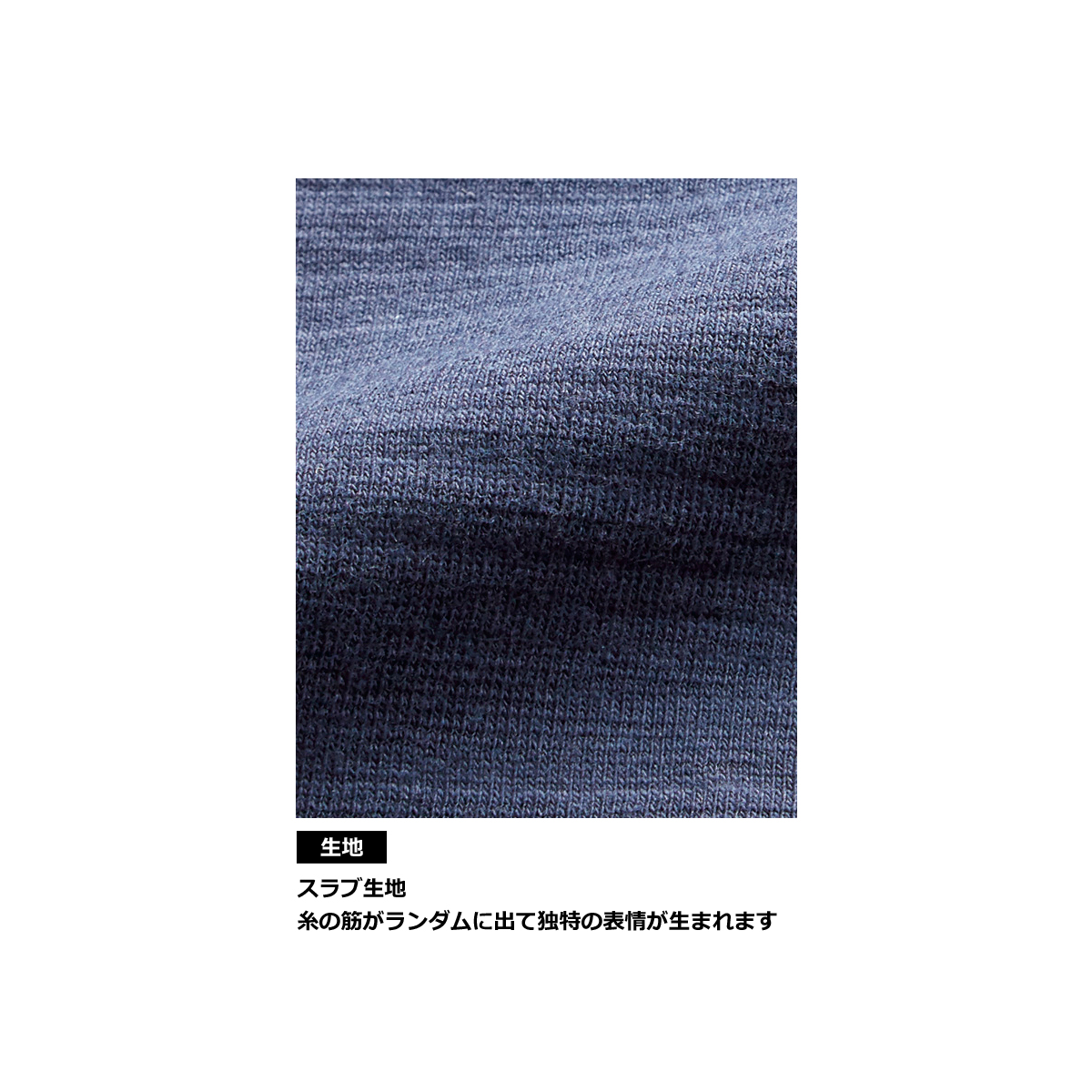 綿100%のスラブ生地は、独特の凹凸感があり、さりげない個性を演出します。
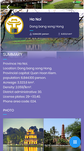 The App provides you with useful information about tourism for Vietnam's provinces and cities. It's great if you go somewhere to travel and hold an app in your hand. You will know all the places to travel, eat, and shop there. Supporting 2 languages is English and Vietnamese
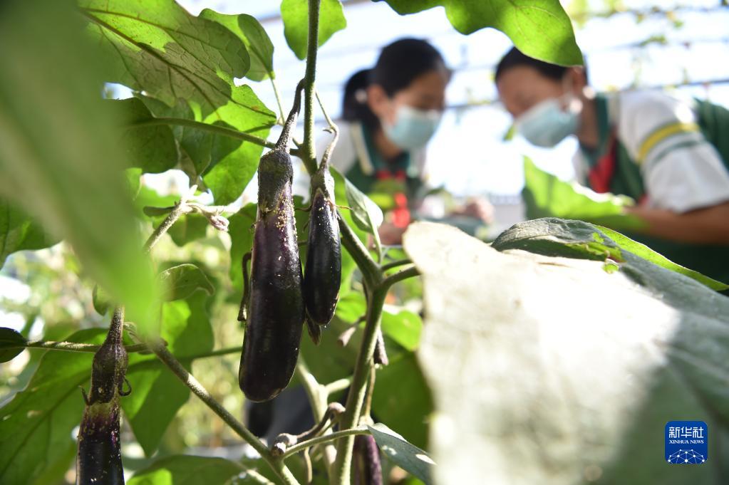 9月16日,在河北省石家庄市井陉孙庄育才学校“太空种子培育基地”,学生观察航茄生长情况。
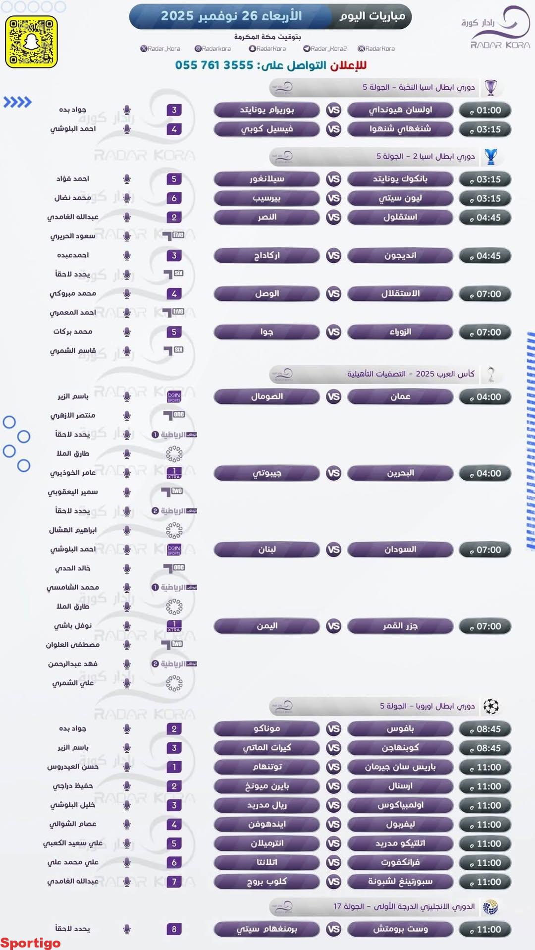 ⚽️ 🗓 | 26 نوفمبر #مباريات_الاربعاء #مباريات_اليوم..
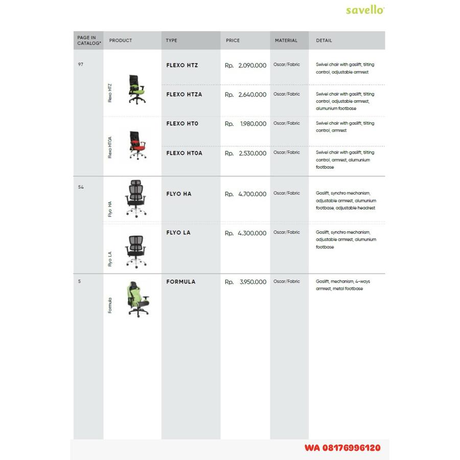 Kursi Kantor Savello FLEXO HTZ HTZA HTO HTOA, FLYO HA LA, FORMULA
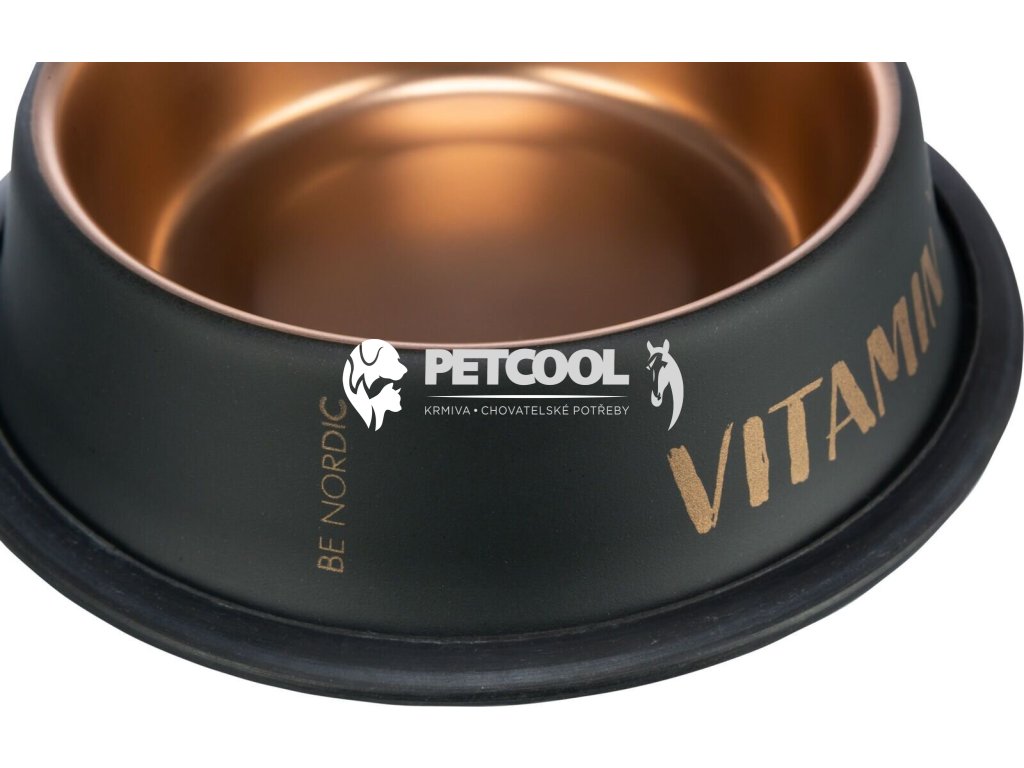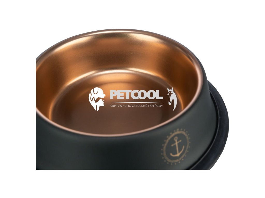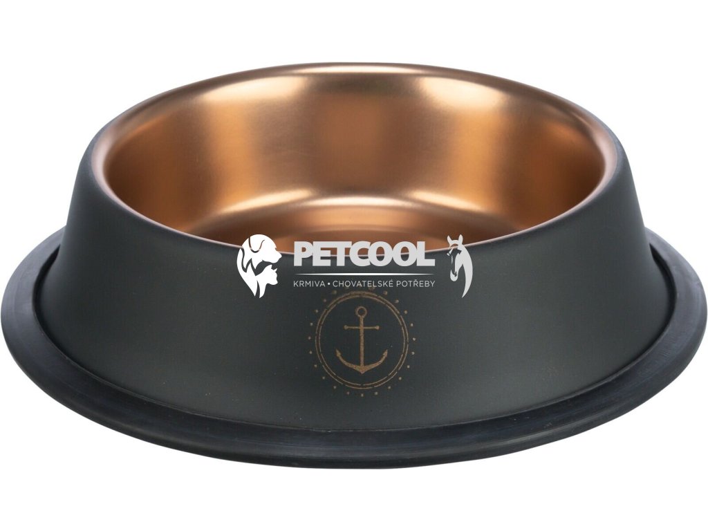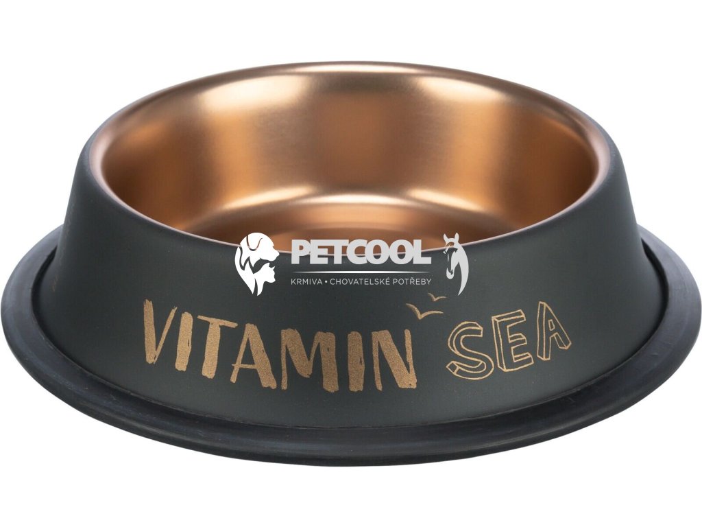 Nerezová miska TRIXIE "BE NORDIC" která je vhodná jak na pití tak i na krmení. Nerezová miska s povrchovou úpravou z řady "BE NORDIC", v práškové černé a bronzové barvě. S nápisem "VITAMIN SEA" a symbolem námořní kotvy.
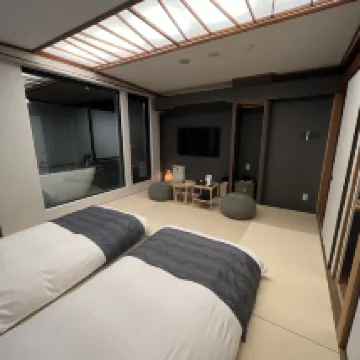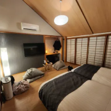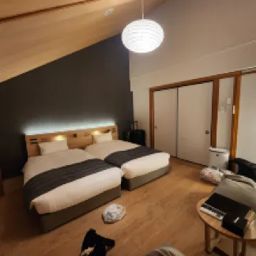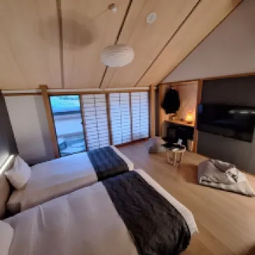 We had a delightful one-night stay at AWA. It's located a 5 minute drive from the center of town, but provided so many activities that the hotel itself felt like a destination. The rooms were clean, comfortable, and spacious. We enjoyed the free-flow Sake, Wine, and beer, as well as the complimentary fireworks, Onsen (private and shared), and self-guided caligraphy sessions. We were also able to borrow bikes (for free) to head into town for some dinner. Our stay at AWA was one of the highlights from our trip.
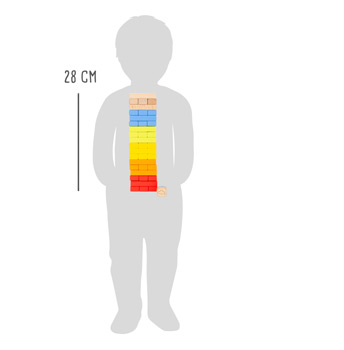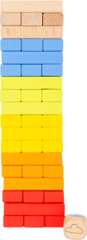 Angesagte Regenbogenfarben machen dieses Wackelturm-Spiel zu etwas Besonderem! Konzentration und Fingerspitzengefühl sind gefragt, wenn die bunten Bausteine reihum aus dem Turm gezogen und oben wieder aufgelegt werden, ohne dass der Turm einstürzt. Der Würfel mit bunten Wolken zeigt an, welcher Stein als nächstes gezogen werden muss. Auch als Holzbausteine zum Bau von kunterbunten Türmchen ein Hit! Kult-Geschicklichkeitsspiel in Trendfarben. Wer beweist eine ruhige Hand? Dieses Geschicklichkeitsspiel ist ein riesiger Spaß für Groß und Klein und schult ganz nebenbei Geduld und Feinmotorik. Nervenkitzel inklusive.
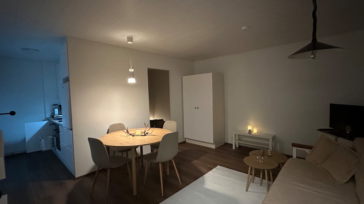 Spacious modern apartment on the 4th floor overlooking the ski resort in the center of the village. Watch the aurora northern lights from your window. Two bathrooms with 3 showers and a sauna. Fully equipped kitchen. Three bedrooms with each 2 single beds and a sofa bed. Free parking space with heating. Ski storage and waxing area. We love helping you with your excursions or questions. Airport bus and ski bus stop in front of the apartment.
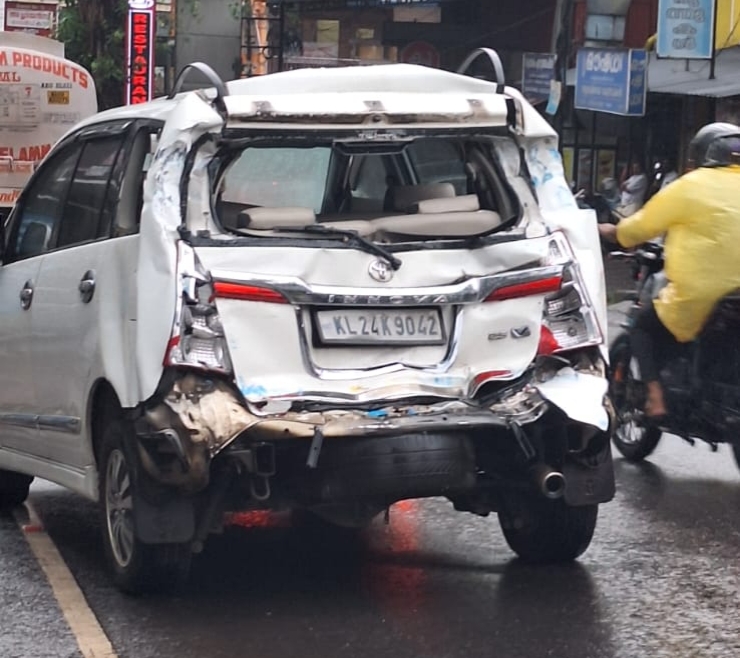 കാറിന് പിന്നിൽ സ്വകാര്യ ബസ്സിടിച്ച് അപകടം;സ്റ്റീഫൻ ജോർജ് എക്സ് എം എൽ എക്ക് പരിക്ക്
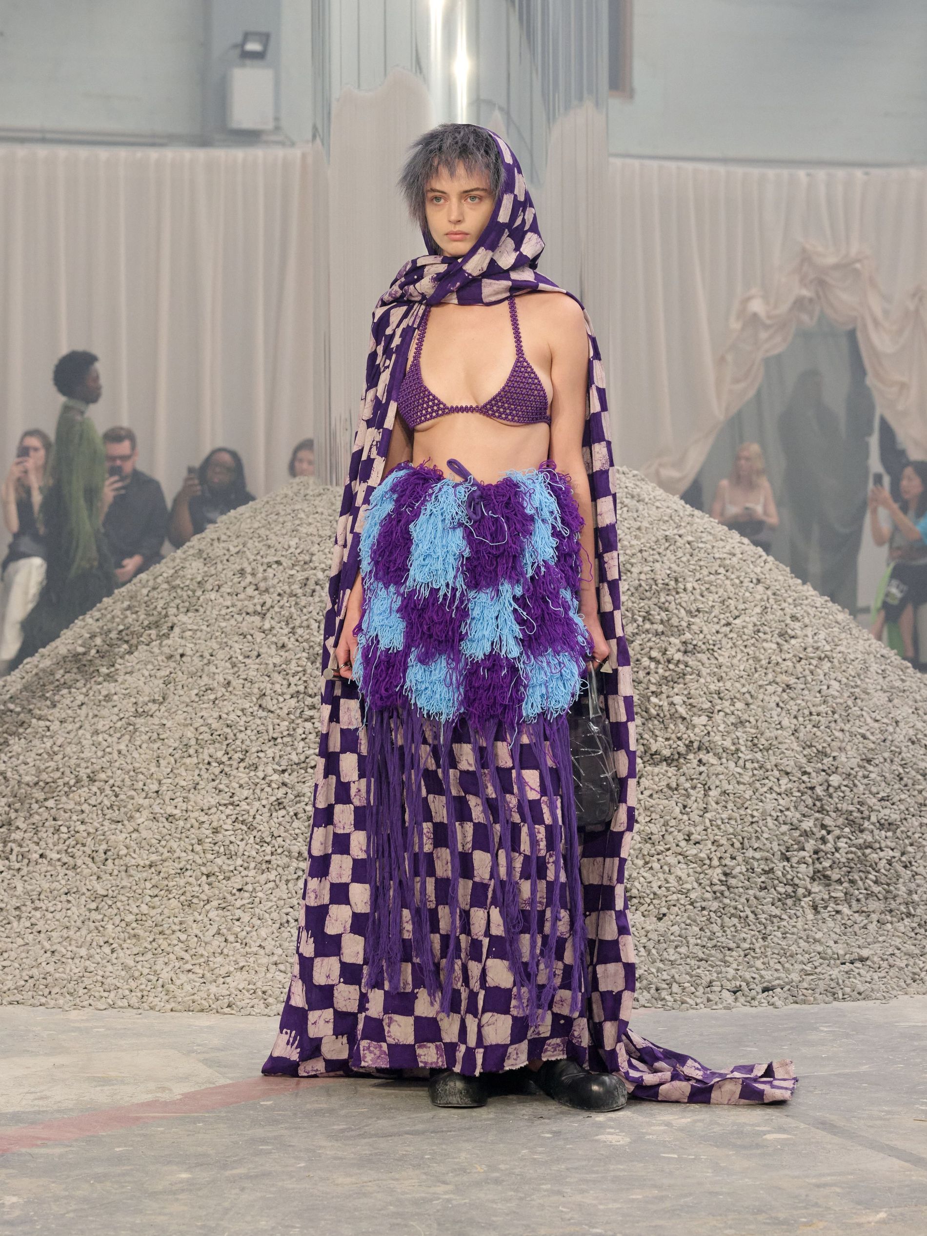 On that note, IAMISIGO’s latest offering, presented at CPHFW for the first time as the recipient of Zalando Visionary Award, is pure, unfettered celebration of the conflicting and collaborating elements that make up the self. “The collection explores body, mind, spirit and emotion as intertwined terrains,” says Ogisi. “Each piece is an instrument – meant to ground, to tune, to expand. It’s not about spectacle. It’s about energetic alignment.” Ogisi describes the show itself as more “ceremony than fashion presentation”, with the raw, industrial space echoing the pulsing music (it’s percussion, layered with filed recordings) as a diverse cast of models, each encouraged to bring their own stories and experiences to the moment, come down the runway.
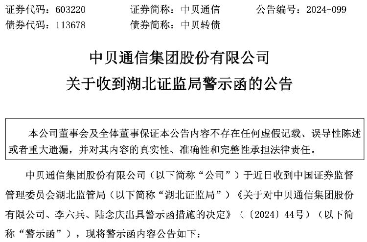 11月7日晚间,中贝通信(603220)公告,近日收到湖北证监局警示函。

□ □ □ □ □ □ □

### PROBLEM REQUIREMENTS
Although pictures appear among the records above, write out exactly only the lines from the one that has "The App provides" through the one that has "Angesagte Regenbogenfarben machen", and leave the pictures out.

### ANSWER TO THE PROBLEM
 The App provides you with useful information about tourism for Vietnam's provinces and cities. It's great if you go somewhere to travel and hold an app in your hand. You will know all the places to travel, eat, and shop there. Supporting 2 languages is English and Vietnamese
 9月16日,在河北省石家庄市井陉孙庄育才学校“太空种子培育基地”,学生观察航茄生长情况。
 ⚽️ 🗓 | 26 نوفمبر #مباريات_الاربعاء #مباريات_اليوم..
 Kursi Kantor Savello FLEXO HTZ HTZA HTO HTOA, FLYO HA LA, FORMULA
 Nerezová miska TRIXIE "BE NORDIC" která je vhodná jak na pití tak i na krmení. Nerezová miska s povrchovou úpravou z řady "BE NORDIC", v práškové černé a bronzové barvě. S nápisem "VITAMIN SEA" a symbolem námořní kotvy.
 We had a delightful one-night stay at AWA. It's located a 5 minute drive from the center of town, but provided so many activities that the hotel itself felt like a destination. The rooms were clean, comfortable, and spacious. We enjoyed the free-flow Sake, Wine, and beer, as well as the complimentary fireworks, Onsen (private and shared), and self-guided caligraphy sessions. We were also able to borrow bikes (for free) to head into town for some dinner. Our stay at AWA was one of the highlights from our trip.
 Angesagte Regenbogenfarben machen dieses Wackelturm-Spiel zu etwas Besonderem! Konzentration und Fingerspitzengefühl sind gefragt, wenn die bunten Bausteine reihum aus dem Turm gezogen und oben wieder aufgelegt werden, ohne dass der Turm einstürzt. Der Würfel mit bunten Wolken zeigt an, welcher Stein als nächstes gezogen werden muss. Auch als Holzbausteine zum Bau von kunterbunten Türmchen ein Hit! Kult-Geschicklichkeitsspiel in Trendfarben. Wer beweist eine ruhige Hand? Dieses Geschicklichkeitsspiel ist ein riesiger Spaß für Groß und Klein und schult ganz nebenbei Geduld und Feinmotorik. Nervenkitzel inklusive.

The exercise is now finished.